I palmed my hard cock—thank you Jamie—and laughed, leaning into him just enough to keep him talking. “Just needed a minute.”

“I’ve got them ready.”

I let my gaze wander over the club, as if I were bored. “Sure,” I said. Anything to get into the back rooms with a legitimate excuse as opposed to my stupid idea to investigate with stealth.

He led me down a hallway past the restrooms, nodding to a bouncer who stepped aside.

My skin crawled as we moved deeper into the club’s back rooms, away from the pounding music and into spaces where the bass was a distant thrum.

I counted doors, memorized the layout, noted the cameras in each corner, and pretended not to watch him enter the code.

“Is all this necessary?” I asked casually .

Ricardo’s smile tightened. “Had some inventory control issues.”

Yeah, I bet. To the tune of 1.2 million in crypto disappearing from Ricardo’s bank balance.

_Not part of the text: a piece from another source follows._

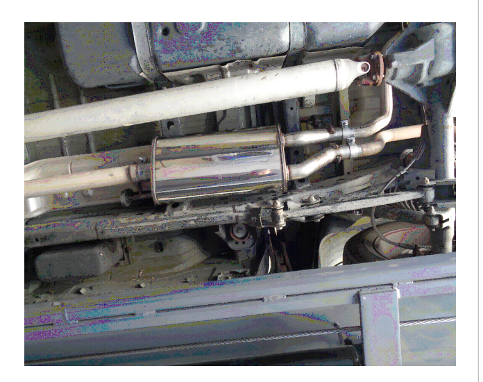
Step 4: Finish by fitting the OE tailpipes into the Muffler Assembly by indexing the alignment pegs and securing with the supplied 2.25" clamps. Once a final position has been chosen for the new exhaust system, evenly tighten all clamps from front to rear using the torque specifications on page one of these instructions. Inspect all fasteners after 25-50 miles for operation and re-tighten if necessary.

MAGNAFLOW: 1901 Corporate Centre Dr - Oceanside, CA 92056 | 1(800)990-0905 Technical Support: 1(800) 959-9226 | Email: moreinfo@magnaflow.com

He punched another code into the final door, his hand blocking my view of the keypad. The lock clicked, and he pushed the door open.

“My office,” he purred.

The room beyond was dimly lit, all dark wood and leather furniture.

It looked like an upscale gentleman’s club with a small bar in the corner.

But it wasn’t the décor that caught my attention; it was the three young men lounging on a large leather couch, none looking a day over sixteen, all with the same vacant stare from heavy sedation.

My stomach turned. I’d seen that look before in places where people became products. I’d seen that in the mirror.

“Fresh from Idaho,” Ricardo said, stroking one boy’s hair. The kid didn’t even flinch. “This one’s only been in the city a week.”

“What the fuck?” I didn’t have to fake anger. “They’re no good to me drugged-up, Ricardo!”

He pouted, as though I’d ruined his night. “Cocaine, speed, we’ll get ’em started.

I kept my smile frozen, forcing myself not to react— not until I had the information I needed. These kids hadn’t only been drugged; they were being broken in, conditioned to accept whatever came next—human merchandise. And Ricardo was treating it like a business opportunity.

“I like them aware. I like them fighting.” I said, stepping closer, letting my voice drop to something dangerous. I glanced around the room, memorizing faces, details. Evidence.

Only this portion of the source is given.